BAB 8

14 5 3
                                    

Awalnya Sean merasa bahagia kala mengetahui sang Ayah akan pergi ke luar kota untuk pekerjaannya. Ia bisa membayangkan ketenangan yang akan dia dapatkan. Setidaknya ia dapat waktu tiga hari waktu tanpa tekanan. Awalnya begitu. Tetapi..

"Kau akan berada di rumah Julian selama aku pergi."

Tentu saja Sean tidak bisa menentang perintah itu.

Di sinilah Sean.

Malam itu ia terbaring di lantai yang keras dengan beralaskan sebuah kain tipis. Sedangkan di atas ranjang sebelahnya, Julian tidur dengan begitu nyaman. Bayangkan saja, sehari-hari Sean berada di atas kasur empuk nan nyaman dan tentu saja mahal tetapi kini ia harus tidur di lantai tanpa bantal.
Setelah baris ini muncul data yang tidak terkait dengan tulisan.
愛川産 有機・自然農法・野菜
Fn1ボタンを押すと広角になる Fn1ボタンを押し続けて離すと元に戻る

Apalagi ruangannya cukup panas membuat Sean tidak bisa memejamkan matanya sebentar saja.

Julian telah pergi ke alam mimpinya entah sejauh mana dan Sean terus bergerak ke kanan dan ke kiri mencari posisi yang nyaman untuk tubuhnya. Tapi tidak bisa.
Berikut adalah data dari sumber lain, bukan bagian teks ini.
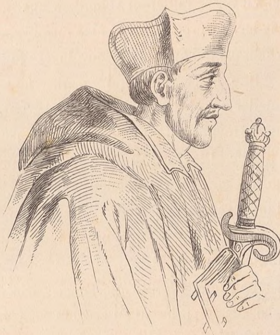
LE CARDINAL MATHIEU SCHINNER.

Aussi, le jour où l'entrée en lice d'un nouveau champion, François I er , menaça de remettre tout en question, le contingent des dizains refusa-t-il de suivre plus avant l'infatigable évêque de Sion, et saisit-il le premier prétexte honnête de regagner ses foyers. Autant en firent les soldats de Berne, autant ceux de Soleure et ceux de Fribourg. Le reste des Confédérés, que Schinner lui-même, à cheval et vêtu de pourpre, lança près de Marignan contre la formidable artillerie de l'armée française, ne purent que sauver l'honneur, et, une fois la bataille perdue, se replier en bon ordre sans perdre leurs étendards. Ainsi finit l'épopée de l'étrange prélat : expulsé une seconde fois du Valais, il dut se retirer à Rome, où il mourut, au mois d'octobre 1522, âgé d'environ cinquante-deux ans. Les Français, qui excellent au choix des sobriquets, avaient donné à Schinner celui de « soldat tondu ». Pour soldat, il l'était ; mais le jouteur, ne l'oublions pas, se doublait en lui d'un fin diplomate. Figure d'ascète, s'il en fut jamais : grand, maigre, osseux, les traits taillés comme à coups de hache, le menton gercé de rides, l'œil gauche à moitié fermé, tel le représentent ses portraits. En campagne d'ailleurs, le
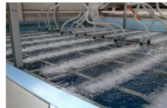
超微細散気装置導入による省エネ化 (○○○t-CO 2 削減)
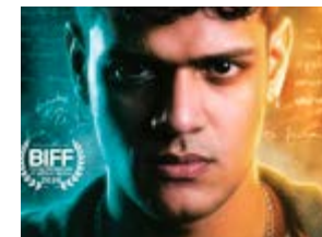
Menção Honrosa (Júri Oficial): Hungria – Em Busca de um Sonho
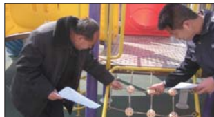
沂源县悦庄镇中心幼儿园开展安全隐患大排查。(马淑英)
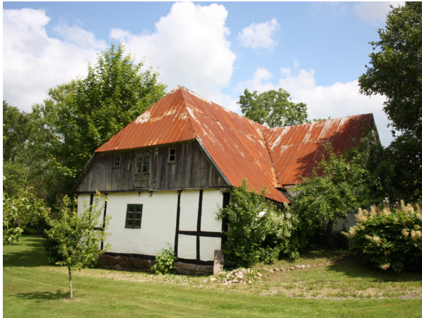
Foto af den gamle vandmølle med en gavl, som nok ikke er hel original.
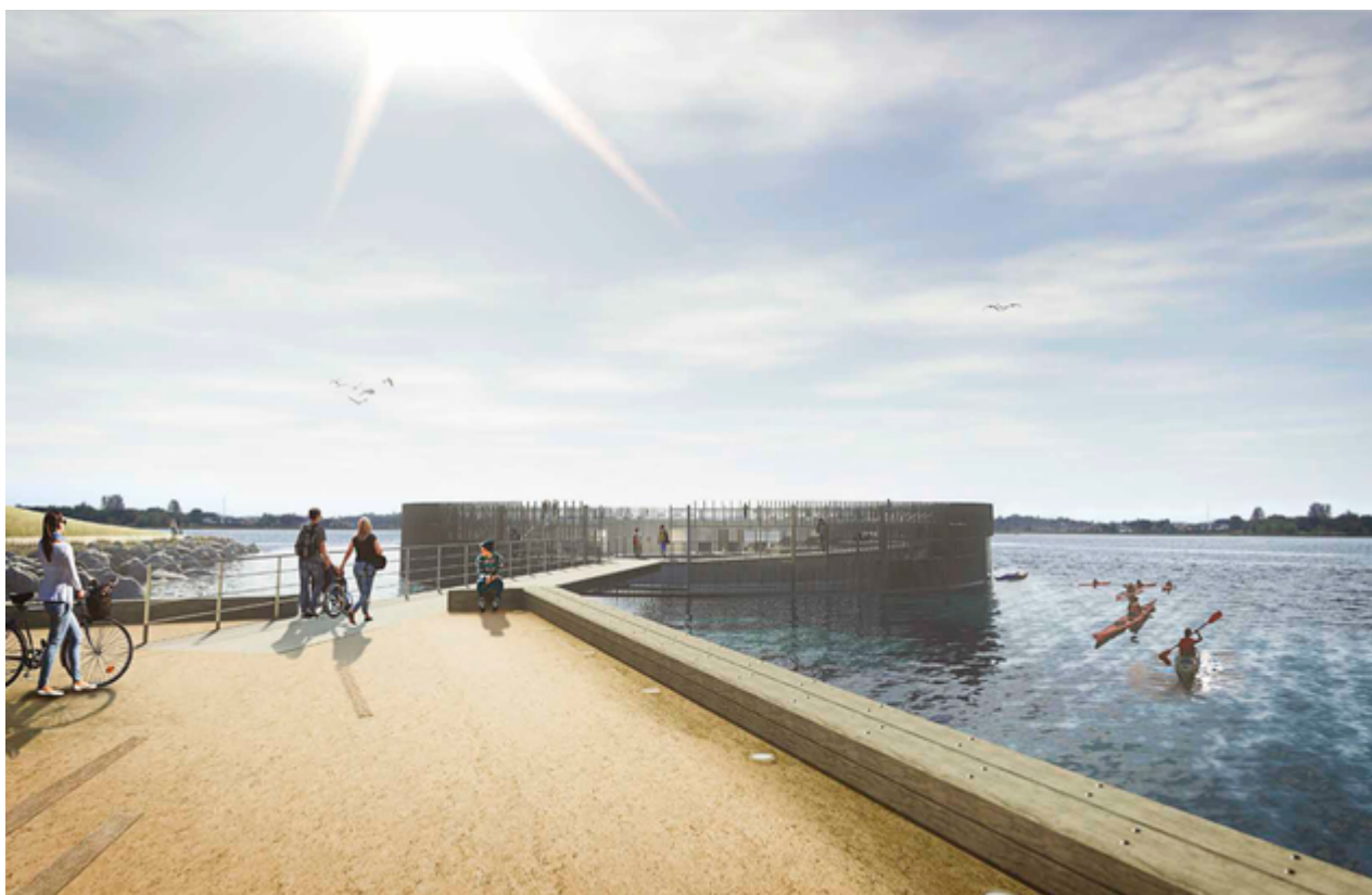
Kultur- og havnebadet ud for Tippen i Frederikssund.

Anlægget vil være tilgængeligt for alle til ophold. Badning i havnebadet vil kun være for dem, der kan svømme, idet børnefamilier med helt små børn, der ønsker at bade, dog forventes at foretrække kommunens badestrande.

Akhirnya ia menyerah. Ia duduk dan mengusak rambutnya dengan kesal. Melihat Julian sudah mendengkur membuatnya mendengus kesal. Pemuda itu benar-benar menyebalkan. Ingin rasanya Sean mencekik lehernya.

Sean memilih beranjak dan pergi ke luar dari kamar itu. Ia melihat ke sekeliling rumah dan sangat sunyi. Bahkan langkah kakinya terdengar begitu jelas tiap kali bersentuhan dengan lantai kayu itu. Langkah kakinya membawanya ke arah dapur. Ia ambil segelas air lalu menegaknya sekaligus hingga tandas.
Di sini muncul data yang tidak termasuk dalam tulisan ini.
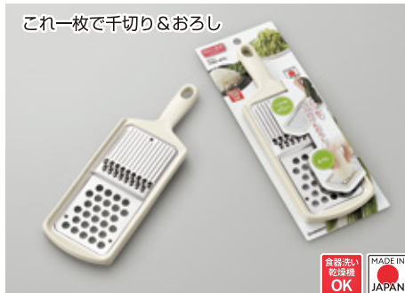
ASO-721 62195111002 味わい食房 ステン千切り・おろし

小売価格 900円 ●入数: 60 (12×5) ●JANコード: 4962336606218 ●材質: 刃部/ステンレス鋼、樹脂部/ABS樹脂
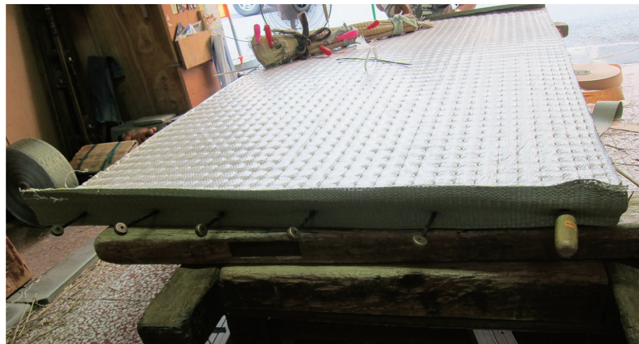
▲ 頭尾各 6 把席頭針用來暫時固定席底與席面。

經過幾次衝突，李宗勳開始反省：「阿公辛苦一輩子，現在年紀也大了，這麼好的手藝如果沒留下來就太可惜了。」
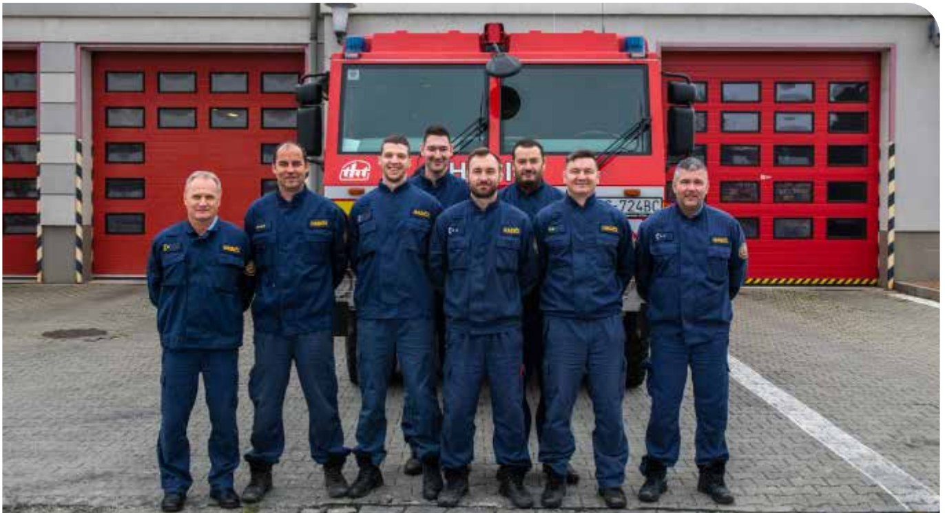
Profesionálni hasiči prajú občanom v novom roku veľa zdravia, šťastia, lásky a porozumenia a aby sa s hasičskou technikou stretávali iba na ukázkach, cvičeniach a súťažiach a aby pomoc hasičov potrebovali čo najmenej.
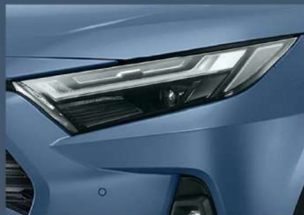
■ LED Bi-Beam 頭燈組 (HYBRID 車型)
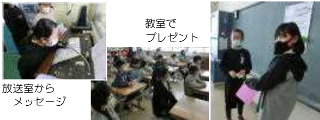
教室で プレゼント

6年生のみなさんに感謝の気持ちを伝える集会が行われました。5年生が企画・運営し行いました。新型コロナの影響で、放送を使っただけの集会となりましたが、6年生への感謝の思いや6年生のみなさんからの温かい思いが伝わる会になりました。
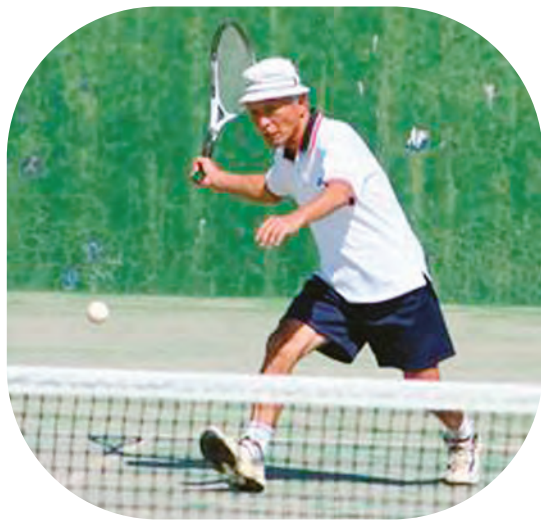
「絶好のボールだ」（ソフトテニス）

Matanya tak sengaja melihat ke arah meja makan. Seketika ia kembali teringat kejadian terakhir saat bersama dengan Lana—Ibu Julian— yang masih tergambar jelas di kepalanya. Bahkan tiap ucapan itu kembali terdengar seolah baru saja ada yang memutarkan rekaman suara itu.

Sean duduk di kursi dekat meja makan itu lalu termenung.

"Bisakah Sean berhenti menari?"

"Banci!"

"Kegiatan bodoh apalagi yang kau lakukan selain menari?"

"Sekali lagi aku melihatmu menari, aku tidak akan segan-segan mematahkan kakimu."

Suara-suara itu terus berputar dan membuat kepala Sean pening seketika. Ia memijat kepalanya dengan harapan pening di kepalanya menghilang.

Ia membuka ponselnya dan menekan tombol pencarian di browsernya.

'Apakah Balet hanya untuk perempuan?'

Ia terus menjelajahi internet itu.

"Meskipun sebagian besar penarinya adalah perempuan, Tetapi Penari pria sangat penting bagi setiap kelompok Balet. Balet bisa dilakukan oleh siapapun itu tanpa memandang gender"

Sean ingin mengirimkan potongan artikel tersebut pada sang Ayah. Tetapi ia yakin, sang ayah akan mengabaikannya. Ia bisa  membayangkan wajah sang ayah akan masam seketika membaca kalimat tersebut.

Ia kembali menjelajahi internet dan menemukan salah satu interview salah satu idola pria yang tengah naik daun.

"Ayahku adalah orang yang berperan paling penting dalam karirku. Ketika ia mengetahui aku suka menari, ia langsung mendaftarkanku ke sekolah balet. Jika ia tidak menyuruhku ikut audisi, aku rasa aku akan menjadi ballerina."

Sean berdecih. "Kenapa beda sekali dengan Ayah? Kenapa tidak ayahnya saja yang menjadi ayahku?"

Tanpa sadar ia terus melihat artis tersebut bahkan melihat seluruh penampilannya di panggung. Sungguh powerfull dan sangat detail. Balet adalah tarian yang memerlukan kekuatan dan energi serta penguasaan panggung yang kuat. Sean membayangkan bahwa jika ia menari balet pasti akan sangat indah.